Attendance policy updated

Rules and regulations promote timeliness among students


Walking into school, students arrive early to be in class on time. The updated rules and regulations promoted timeliness and clarified excused and unexcused absences. “We went from having 30 or 40 people come in late to school to 10, so it’s definitely made a huge difference,” associate principal Scott May said.

Lauren Devereux, Co-Editor-in-Chief

Sleeping in, sitting in traffic and skipping class to rest; some of these excuses don’t cut it anymore after the revamped attendance policy.

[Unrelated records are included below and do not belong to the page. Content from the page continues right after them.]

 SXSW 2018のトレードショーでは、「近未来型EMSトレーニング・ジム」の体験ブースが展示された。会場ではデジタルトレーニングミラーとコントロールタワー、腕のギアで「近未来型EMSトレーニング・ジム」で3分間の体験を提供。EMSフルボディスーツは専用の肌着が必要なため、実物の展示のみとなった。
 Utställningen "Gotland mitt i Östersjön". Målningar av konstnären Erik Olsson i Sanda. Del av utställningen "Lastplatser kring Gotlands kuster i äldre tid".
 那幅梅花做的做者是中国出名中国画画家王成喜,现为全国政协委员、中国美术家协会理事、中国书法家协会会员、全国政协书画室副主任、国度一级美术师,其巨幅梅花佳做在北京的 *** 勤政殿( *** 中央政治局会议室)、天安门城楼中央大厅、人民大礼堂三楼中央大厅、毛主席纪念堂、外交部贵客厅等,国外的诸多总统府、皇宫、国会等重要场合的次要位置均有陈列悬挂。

“It’s a radical change. The district policy hasn’t changed, but the rules and regulations did and how it’s enforced,” associate principal Scott May said. “It’s something that should have been done or that has needed to be done for a while. The attendance policy has been pretty relaxed in the district and they wanted to make it consistent across the buildings.”
Attendance rules and regulations address the number of unexcused absences per semester and introduces the magic number 10: the maximum number of unexcused absences before a student is placed on credit review. Additionally, tardies are now factored into unexcused absences after three occur in a class; and not every absence counts as excused.

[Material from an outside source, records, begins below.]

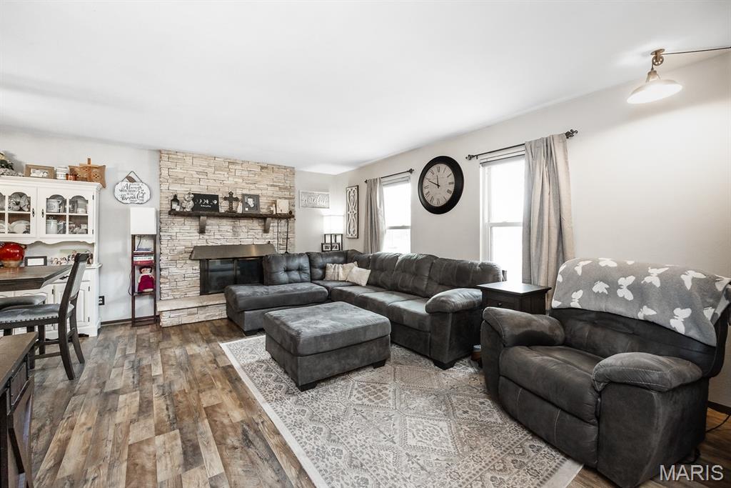 Located in an adorable neighborhood on a sprawling lakefront lot, this home has it all! Relax in the huge sun room outlooking the fully-stocked lake. Fishing, swimming, and beach access all with an affordable HOA of just $175/year. The large family room is perfect for holiday gatherings and parties. Enjoy all the recent updates such as LVP Flooring (2024), new septic (2023), roof (2024), remodeled family room, stove and fridge (2023). This home won't last long. Call your favorite agent for a private showing.
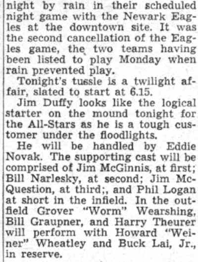 Humes Clarence Layer - Eddie Brandt Joe Murray - Don Cragin - Johnny Chambers - Tom Tracy - Abe Corotis |
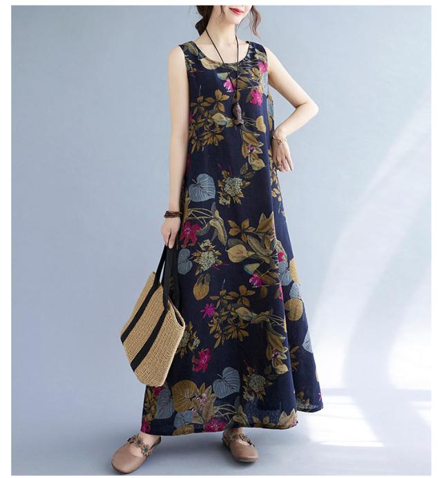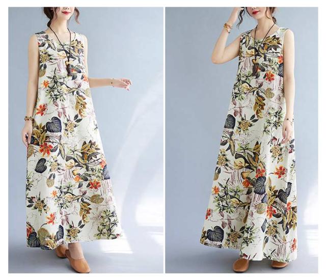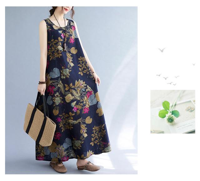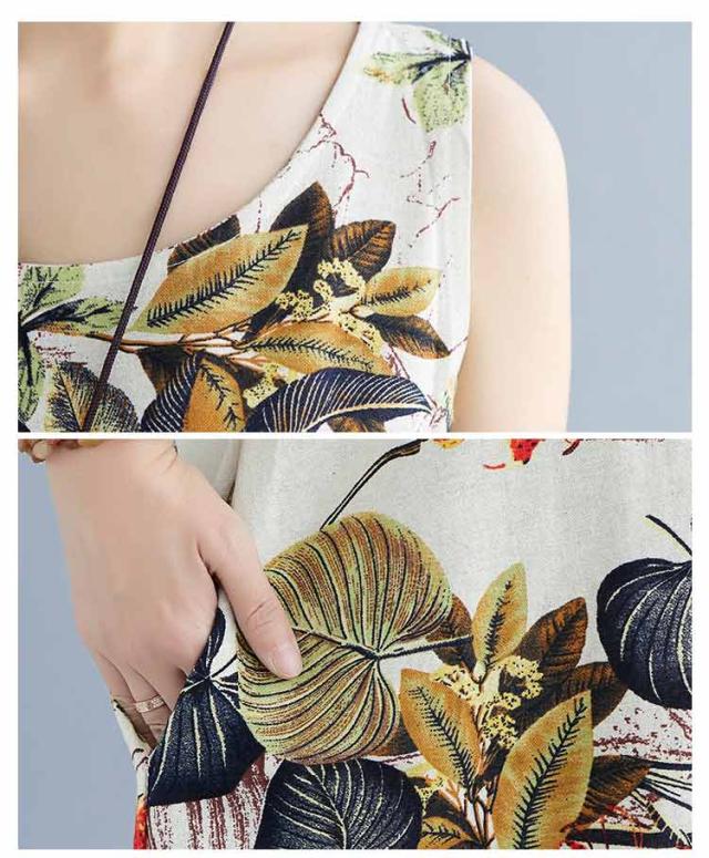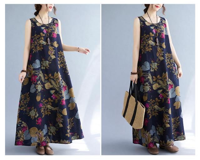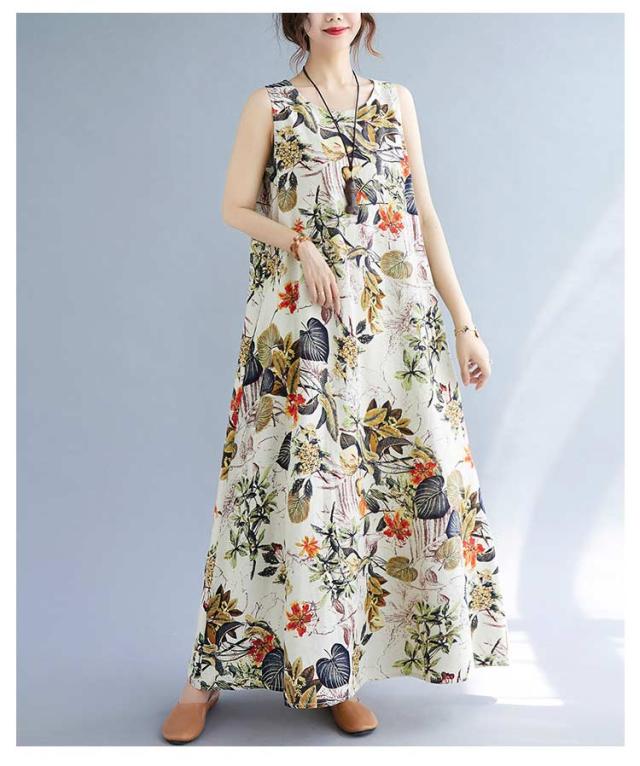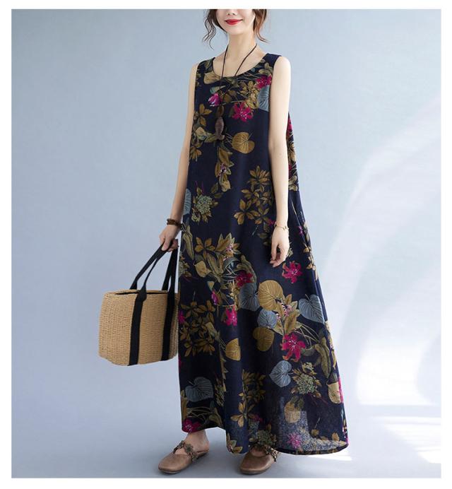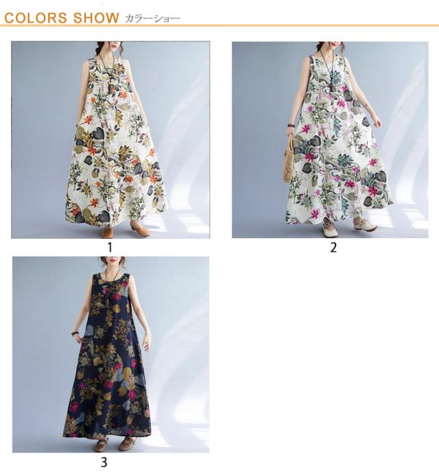 花柄ワンピース マキシワンピース 送料無料 リゾートワンピース ロングワンピース 花柄 レディース ワンピース ロングワンピ ノースリーブ キャミソールワンピース クルーネック 綿麻 春夏 ロング リネン マキシ丈 大きいサイズ 体型カバー

Absences fall into two categories: excused and unexcused. Excused reasons include: student illness, doctor-ordered bed rest, pre-arranged court appearances, death in the immediate family, pre-arranged and approved family vacations and medical appointments.

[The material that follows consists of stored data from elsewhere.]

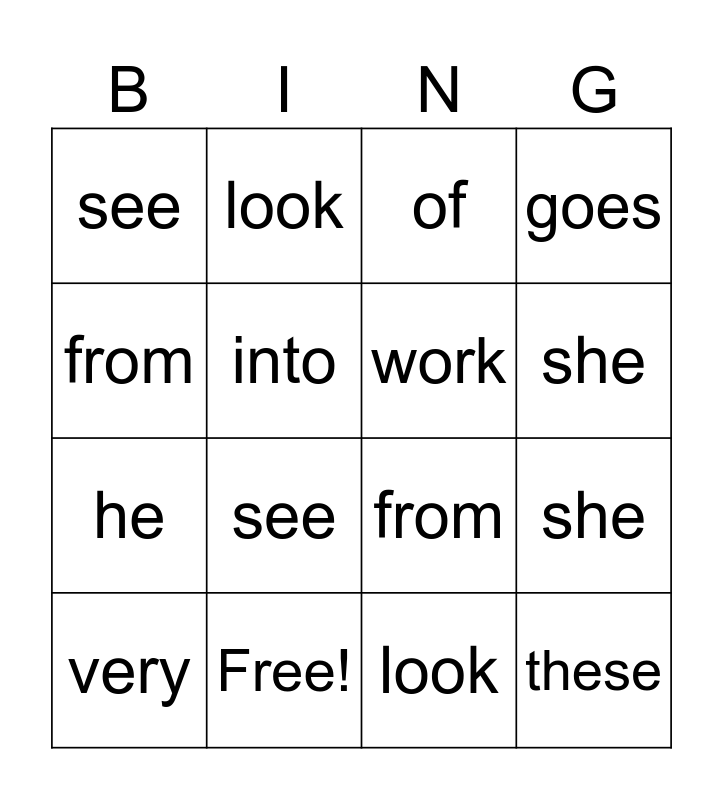 This bingo card has 25 words: work, down, she, play, from, see, into, look, Free!, of, he, from, she, down, work, play, look, of, see, she, very, your, these, goes and does.
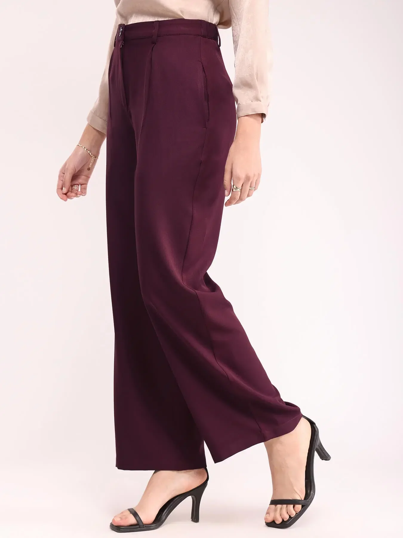Wide Leg Trousers - Wine
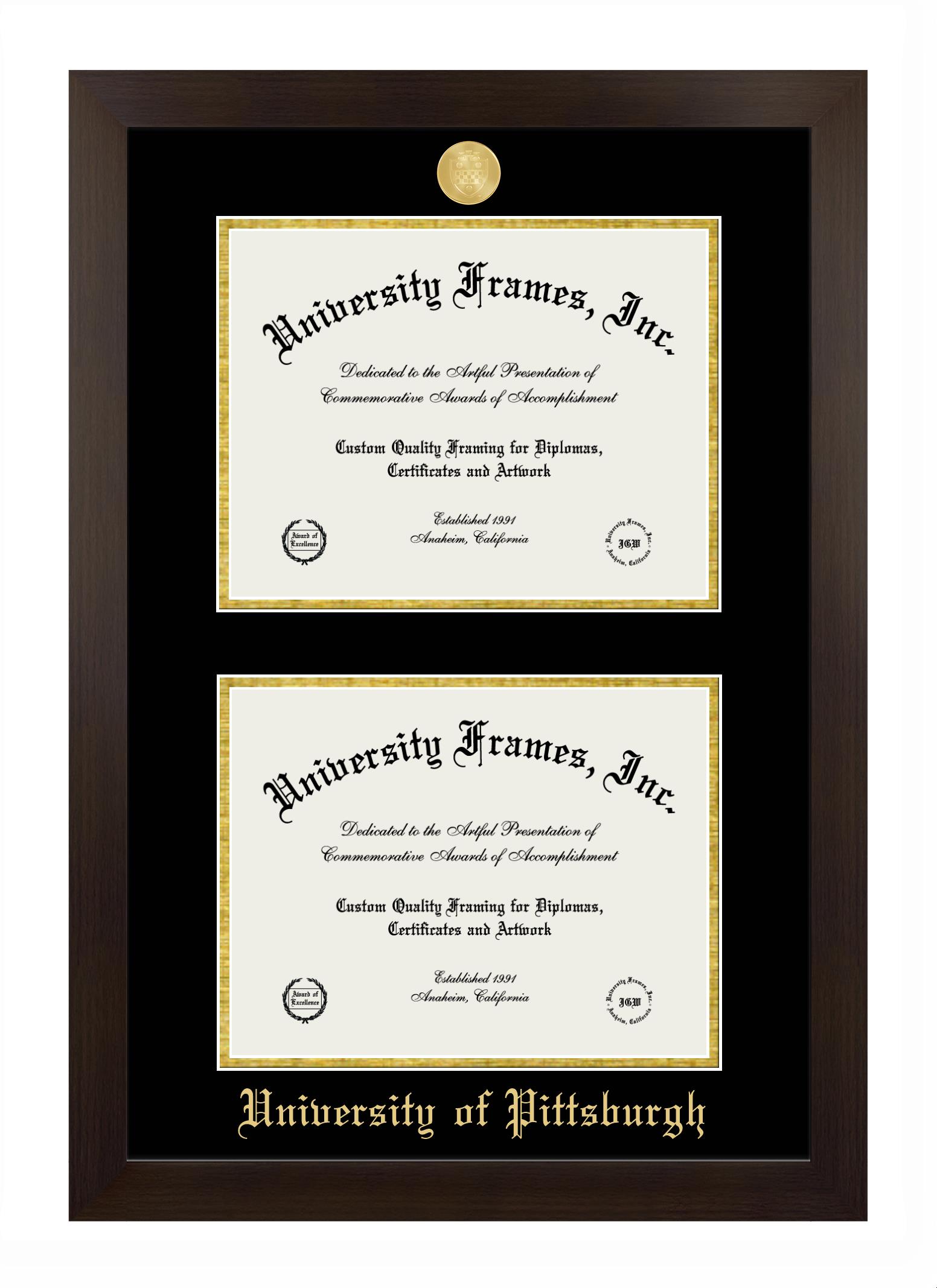 We believe that earning a degree is a huge accomplishment and showcasing it is important. Therefore, if you are looking for University of Pittsburgh diploma or degree frames for yourself or a recent University of Pittsburgh grad, we are sure you will love our custom diploma frames. Our diploma frames are made with the official University of Pittsburgh seal and are beautifully crafted. Start designing your frame now!
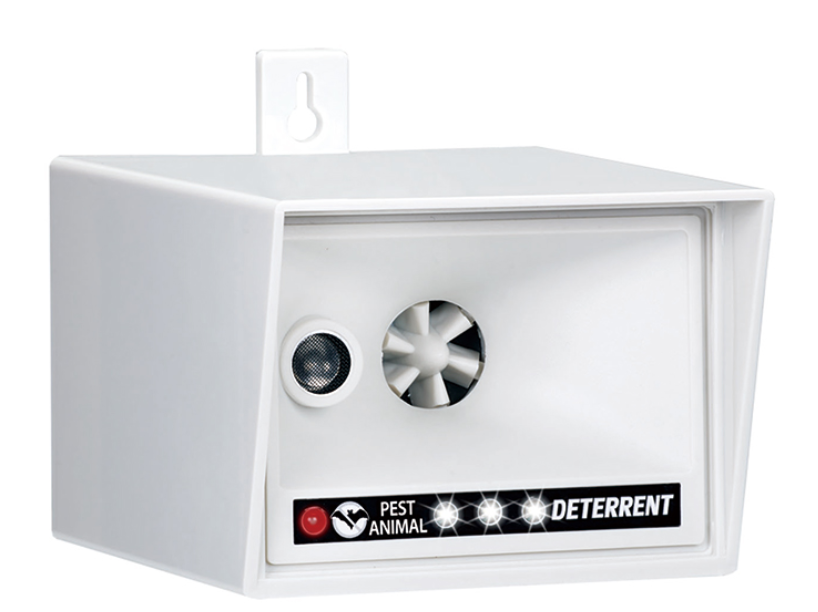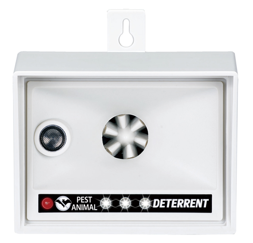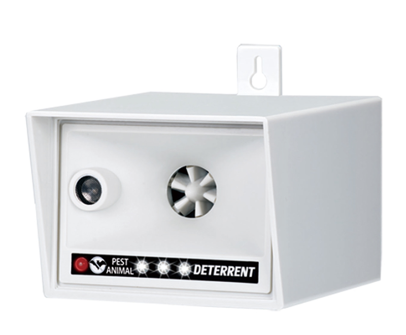 Skrämman har både blinkande ljus och ultraljudsvågor vilket ger trippelskrämsel effekt.
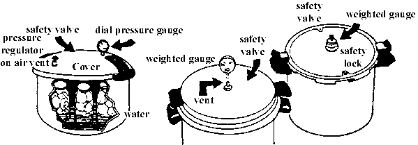 A pressure canner is recommended for processing low acid foods such as vegetables. A pressure canner is a specially made heavy pot with a locking lid, an inner rack and a steam vent in the kid. The vent can be adjusted using a weight, value or screw, depending on the type of canner. A pressure gauge registers the air pressure inside the canner. A dial gauge gives a reading of the actual pressure, while weighted gauges will rock gently when the canner is at the proper pressure. Ten pounds of pressure at 115 C (240 F) is recommended for canning vegetables.

“Attendance is what it really boils down to. Attendance is the key to the success of students. If they’re here, they’re more likely to be successful than if they aren’t here,” May said.
If a student becomes close to 10 absences, they will receive a letter stating credit may be lost. The appeal process begins with a mandatory meeting with a student’s associate principal once they are close to reaching 10 absences. Students have two choices: ignore the letter and information and risk losing credit or continue with the appeal process.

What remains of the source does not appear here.